A única mulher no parlamento estadual, deputada Alessandra Campêlo (PCdoB), também acredita que há necessidade de aperfeiçoamento da lei. Ela critica o teto estabelecido para os gastos com pessoal. “A lei veio para aperfeiçoar o orçamento, mas ainda precisa ajustar algumas questões, como o teto de gasto com pessoal. Acredito que o limite deveria ser maior para que os governos pudessem reajustar salários de servidores públicos e chamar concursados”, defendeu a comunista.

Já o deputado Adjuto Afonso (PP), presidente da Comissão de Finanças da Assembleia Legislativa do Estado (Aleam), acredita que é preciso mais fiscalização, pois segundo ele, muitos gestores burlam a lei. “Existem vários artifícios para burlarem a lei. Acredito que o Tribunal de Contas do Estado (TCE) e Ministério Público do Amazonas (MP-AM) tem que cobrar mais. A lei já evita muita coisa, mas é preciso que seja cumprida”, ressaltou Afonso.

Controle de gestão

O deputado Bi Garcia (PSDB), que foi prefeito de Parintins, defende que a LRF cumpre um papel importante, pois controla a gestão do executivo. No entanto, Bi Garcia critica que a lei sofre ataques do governo federal. “Ela é uma boa lei, mas lamentavelmente ela sofre ataques do governo do PT, quando tenta mudar a lei para se ajustar aos gastos e não ao contrário”, criticou o tucano.

Para Dermilson Chagas (PDT) a lei freia abusos que muitos governantes ultrapassavam irresponsavelmente, mas ainda é necessário alguns ajustes, uma delas é a mesma defendida pela deputada Alessandra Campêlo: o limite com pessoal, o que impede que governos dêem ajustes a servidores públicos.

“Tem certas coisas que ainda cabem questionamento. Por exemplo, como limite de gastos com pessoal, você fica impedido de dar aumento para funcionários ou deixa de investir em outras questões, como novas creches, por exemplo”, lembrou o pedetista. Chagas sugere que deveria haver uma rubrica somente para essas questões. “Acredito que seria importante que houvesse uma rubrica só para a questão de reajustes salariais, contratação de concursados, aquisição de fardamento, entre outros”, justificou.

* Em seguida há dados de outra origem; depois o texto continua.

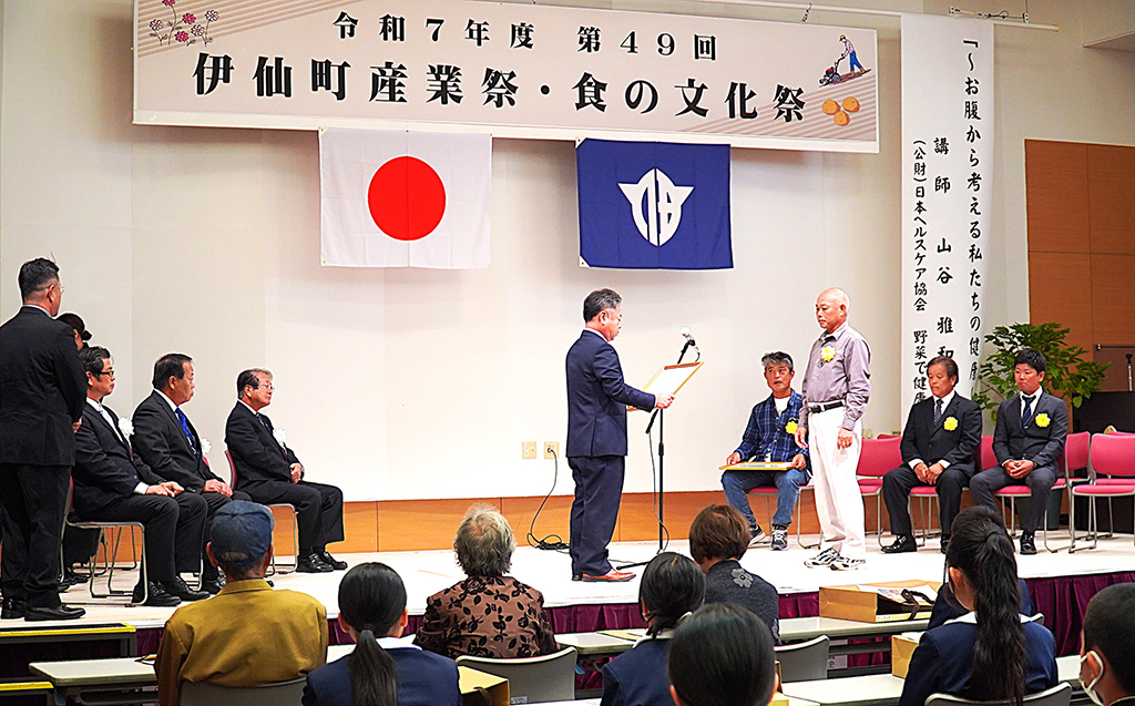 伊仙町では午前9時半の開会行事に続き、日本ヘルスケア協会の山谷雅和氏が「お腹から考える私たちの健康」と題して特別講演。栄養と体の関わりについて、実生活に沿って分かりやすく説明した。この後、町の優秀農家など各種表彰が行われた。

‘Lei é um divisor de águas’

Na Câmara Municipal de Manaus, o presidente da casa, vereador Wilker Barreto (PHS) e o vereador Professor Bibiano (PT) também comentaram o assunto. Para Wilker, a Lei de Responsabilidade Fiscal é um divisor de águas, mas é preciso respeitá-la e não tratá-la como uma peça de ficção. “Este ano mudaram a lei para que ela se adequasse ao orçamento, quando deveria ser o contrário”, lamentou. Wilker lembrou, ainda, que é preciso cumprir a lei. “Imagine como seria do Brasil sem essa lei. Respeitar a lei é respeitar a sociedade”, finalizou o presidente.

Já o vereador Professor Bibiano resaltou como uma conquista da sociedade a LRF. Segundo ele, era necessário que houvesse algo para estabelecer normas. “Percebo que houve avanço. Os gestores passaram a ter mais cuidado. Alguns foram pegos pela lei e tiveram que pagar de alguma forma. No entanto, é preciso ter maior fiscalização, pois muitos gestores usam a lei para não investir na valorização do servidor público, por exemplo”, citou Bibiano.

Excessos

Para o presidente do Tribunal de Contas do Estado (TCE), conselheiro Josué Filho, a LRF foi uma as melhores lei criadas nas últimas décadas, pois ela freia excessos de gestores e impede que deixem gastos de uma gestão para a outra. “Essa lei freia gastos e excessos na gestão pública e evita que gestores façam gastos e deixem para outros gestores”, explicou.

Josué Filho compara a LRF com a lei das licitações. “A lei de responsabilidade foi um dos maiores marcos da história do Brasil. Ela é no mesmo patamar da lei das licitações que foi criada para controlar os gastos públicos”, pontuou o conselheiro.